CDHs are universal electron donors for LPMOs. CDHs have been shown to act as an electron donor for several fungal family AA9 LPMOs (LPMO9s4, 20). In the present study, we show that MtCDH can efficiently transfer electrons from lactose to two bacterial LPMOs that only share 23% sequence identity, target different substrates and share less than 15% sequence identity with their fungal counterparts (Figs. 2 and 3). Observed electron transfer rates up to 32 s−1 were reached, meaning that electron transfer from CDH to the bacterial LPMOs is as efficient as transfer to LPMO9s26 or to other protein electron acceptors like cyt c.42 This indicates that CDHs can act as a general electron donor for LPMOs, independent of LPMO origin and seemingly independent of LPMO sequence. It has been suggested that LPMO9s share a conserved region located distantly from the active site, which may have evolved to interact with the CDH CYT domain for electron transfer.43, 44 This region is not conserved in the bacterial LPMO10s. A conserved site for potential protein‐protein interactions was neither found on the surface of the CYT domain of CDH.26 All in all, available data indicate that electron transfer between CDH and LPMOs does not depend on protein‐protein interactions and conserved docking sites. Electron transfer is more likely to only involve the actual sites of oxidation and reduction, which, for LPMOs, is the copper site and its conserved histidine brace.

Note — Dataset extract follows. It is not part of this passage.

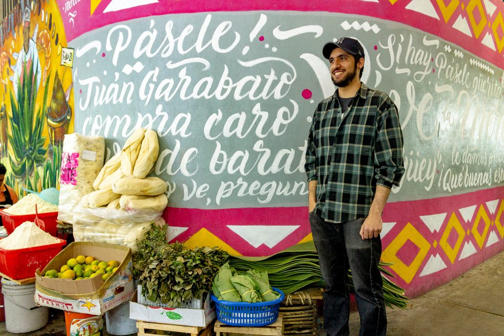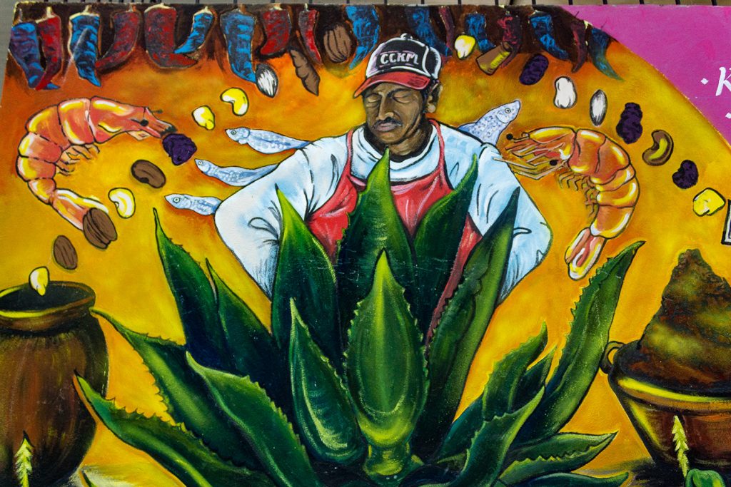 “Entonces se me ocurrió la idea de rescatar el lenguaje del marchante luego de platicar con una señora. Ella me comentó que ya casi todos los chavos preferían ir a un Oxxo o a un Walmart que a un mercado. Yo pensé que se vería bien representar al marchante. Las frases que pinté son las típicas que dicen los locatarios, como ‘¡Pásele, güerita!’. Con este mural simplemente quise reflejar lo que les gusta a los del mercado y su día a día. Por eso las frutas, semillas, chiles y camarones que se ven pintados”.

Putative protein electron donors in bacterial LPMO‐containing chitinolytic/cellulolytic enzyme systems have not yet been identified, but the redox active protein “cbp2D” from Cellvibrio japonicus has been shown to be crucial for degradation of crystalline cellulose by the bacterium and has been proposed to represent a bacterial counterpart to CDH.45 Indeed, the present data add support to the emerging notion that LPMOs may receive electrons from many sources.22 The combination of a chitin‐active LPMO (CBP21) with CDH offered unprecedented possibilities for in‐depth studies of the CDH‐LPMO interplay, since CDH does not act on the LPMO substrate (which is chitin, not cellulose).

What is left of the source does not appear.